▶ [EXERCISE DETAILS]: From the records below, please print only the lines from the one containing "进入到Dig a Way的第1关那我们发现一开始就有金子出现,那么现在我们就要安排老爷爷挖金的路线前行了。" through the one containing "Bring a touch", both included. Skip the pictures.

▶ [DATA PROVIDED]:

Segment Open

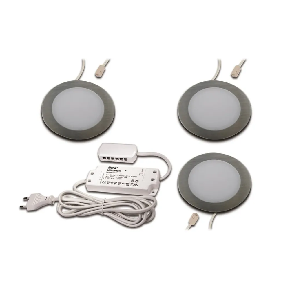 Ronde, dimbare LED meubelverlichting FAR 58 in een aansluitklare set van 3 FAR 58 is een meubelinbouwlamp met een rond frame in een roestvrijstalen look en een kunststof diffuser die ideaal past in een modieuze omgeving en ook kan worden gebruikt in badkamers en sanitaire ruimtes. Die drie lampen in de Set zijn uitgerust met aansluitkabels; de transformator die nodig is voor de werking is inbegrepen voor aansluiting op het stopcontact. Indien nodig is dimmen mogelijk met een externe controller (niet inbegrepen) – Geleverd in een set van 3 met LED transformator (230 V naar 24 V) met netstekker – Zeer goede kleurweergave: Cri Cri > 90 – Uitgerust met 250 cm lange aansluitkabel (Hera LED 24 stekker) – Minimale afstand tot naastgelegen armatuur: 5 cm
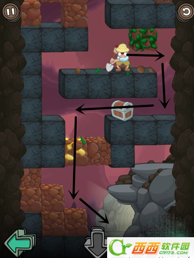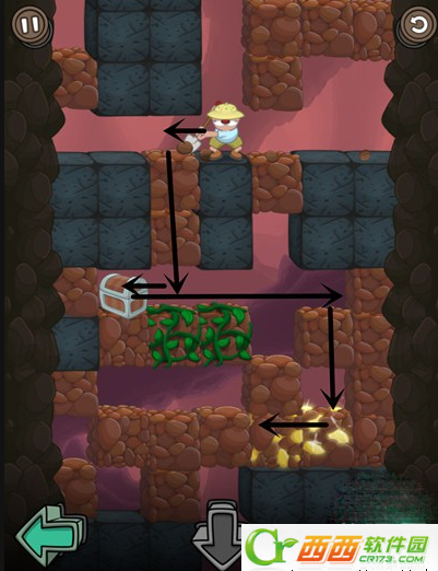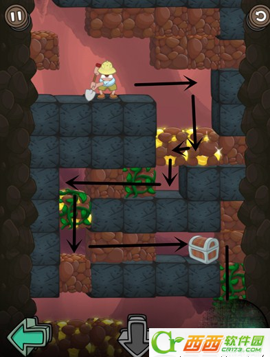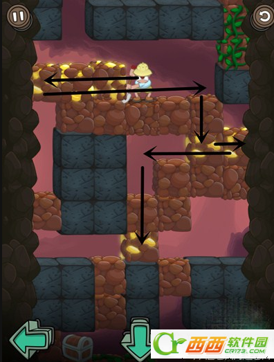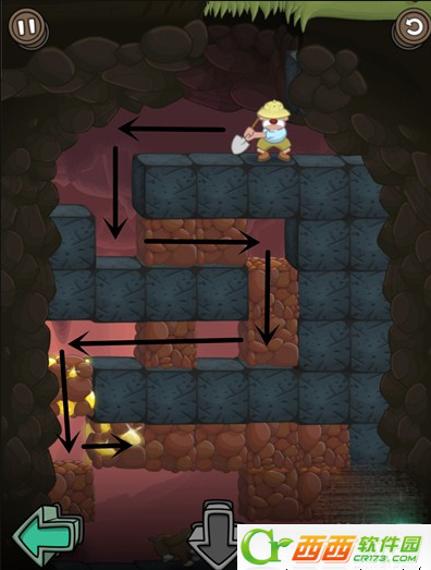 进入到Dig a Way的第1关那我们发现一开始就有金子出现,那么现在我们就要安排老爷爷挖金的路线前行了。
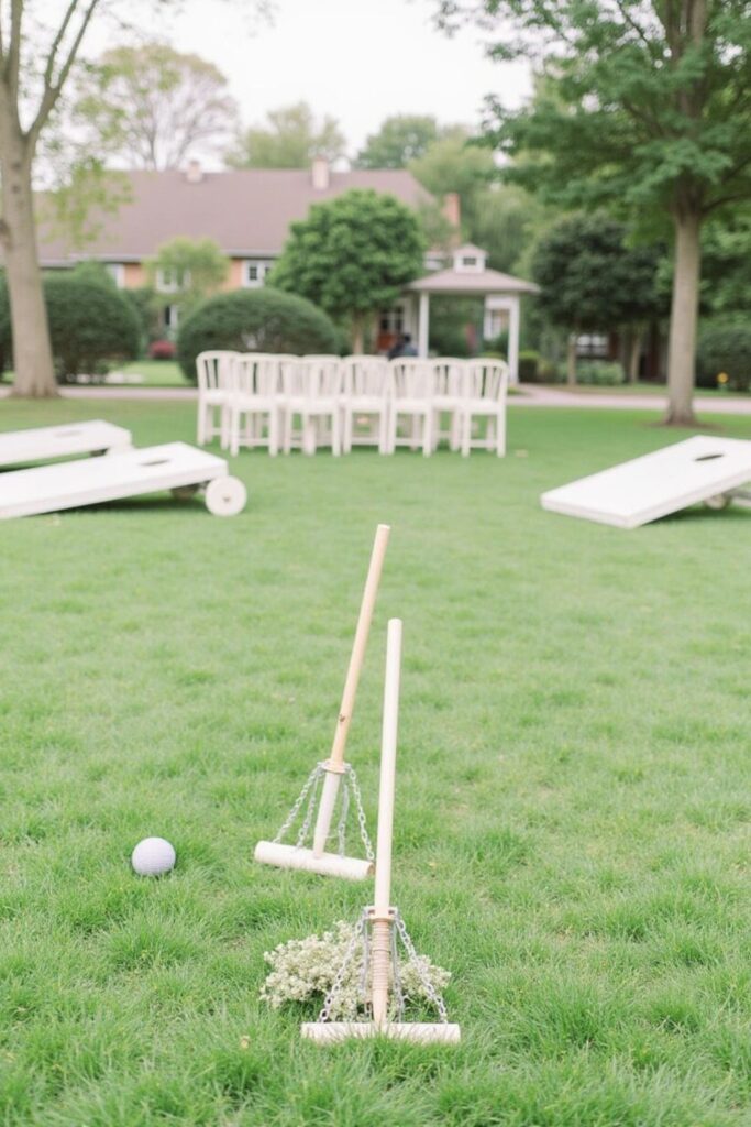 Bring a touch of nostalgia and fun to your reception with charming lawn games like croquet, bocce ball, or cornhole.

Segment Closed
Segment Open

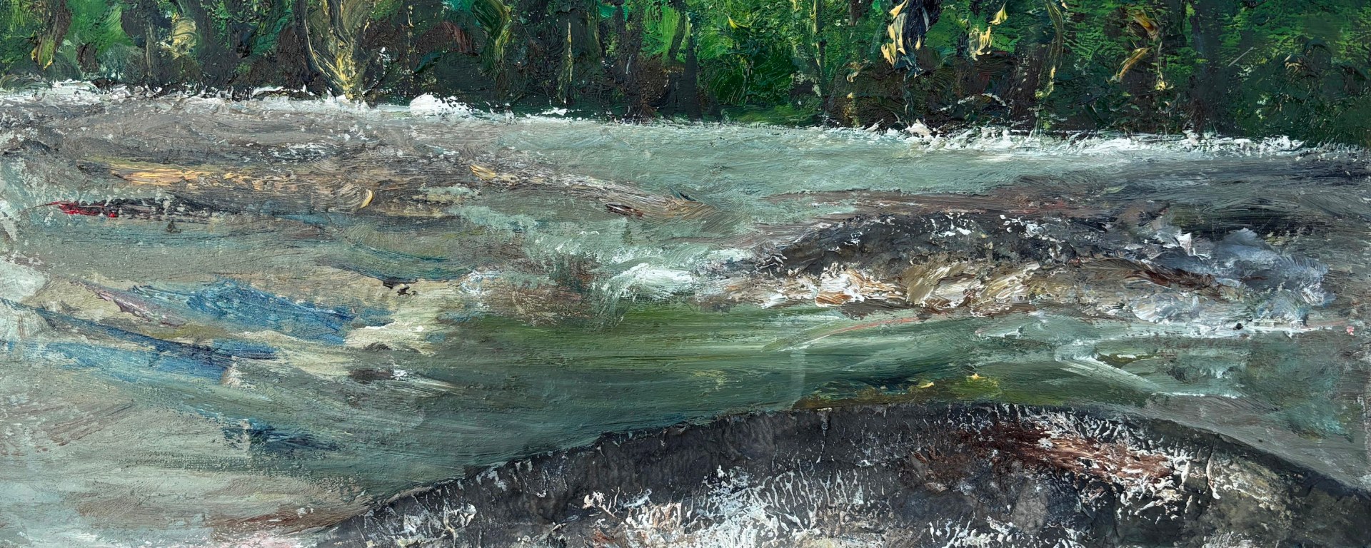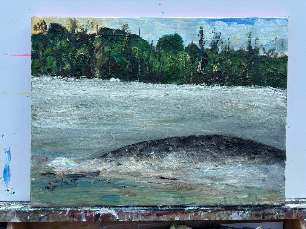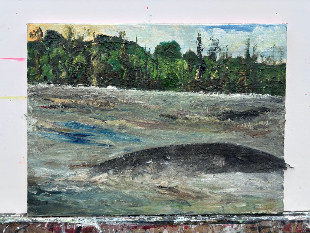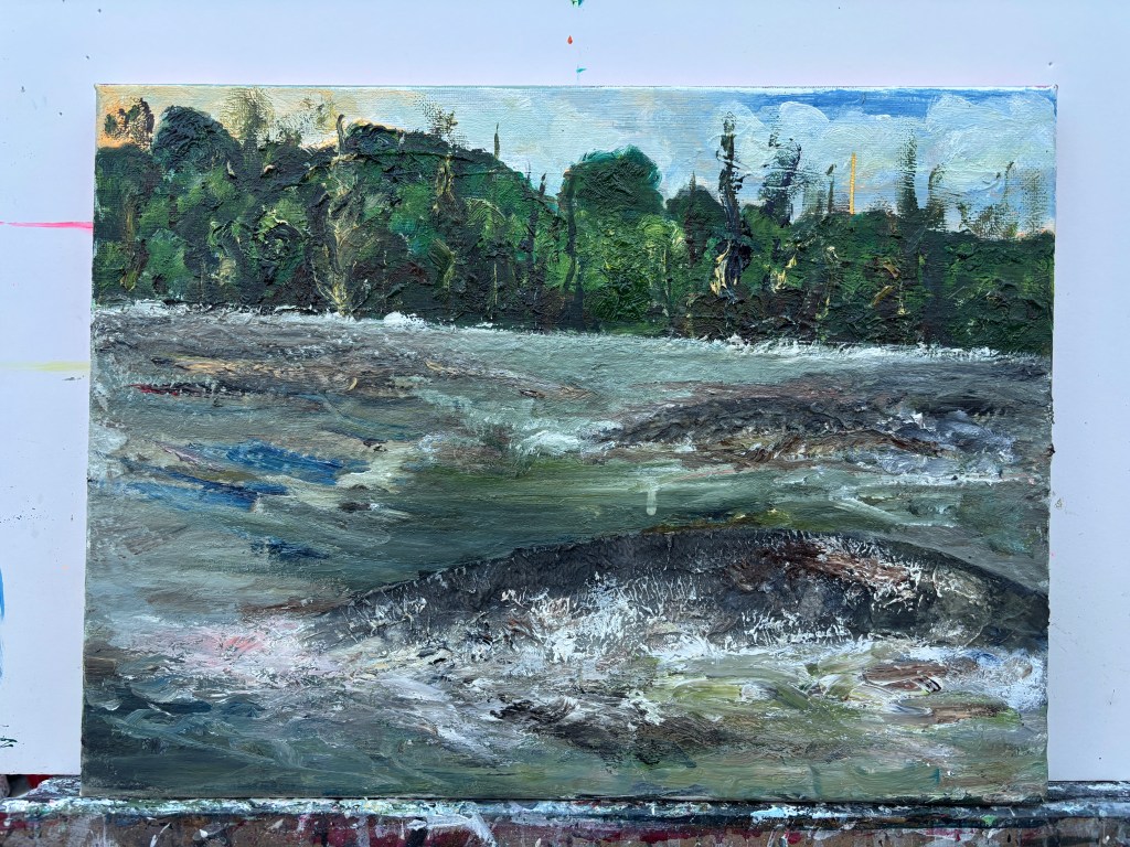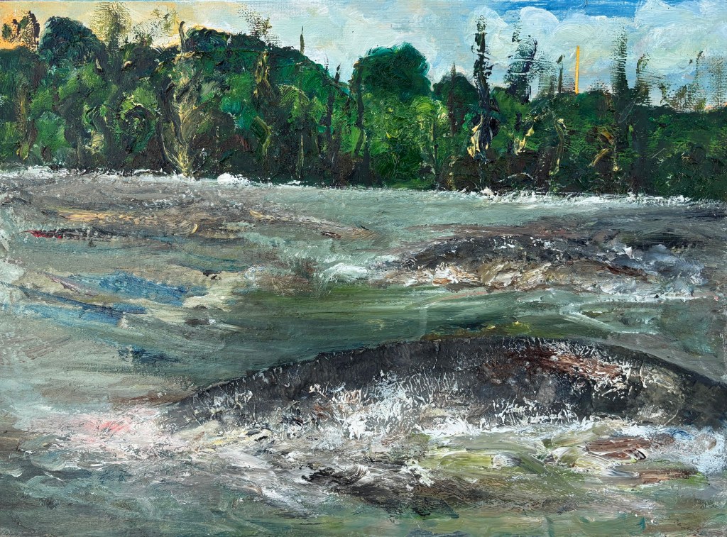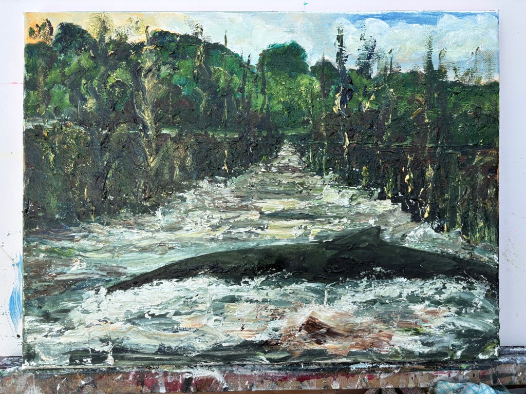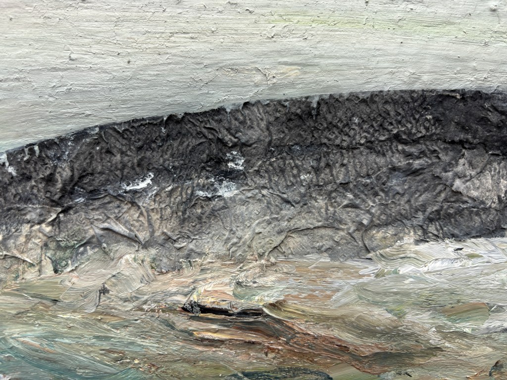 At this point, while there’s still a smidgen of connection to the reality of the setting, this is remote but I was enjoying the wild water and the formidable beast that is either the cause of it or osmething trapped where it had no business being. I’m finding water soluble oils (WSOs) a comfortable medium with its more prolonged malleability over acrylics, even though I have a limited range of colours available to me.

Segment Closed

▶ [EXERCISE RESPONSE]:
 进入到Dig a Way的第1关那我们发现一开始就有金子出现,那么现在我们就要安排老爷爷挖金的路线前行了。
 Bring a touch of nostalgia and fun to your reception with charming lawn games like croquet, bocce ball, or cornhole.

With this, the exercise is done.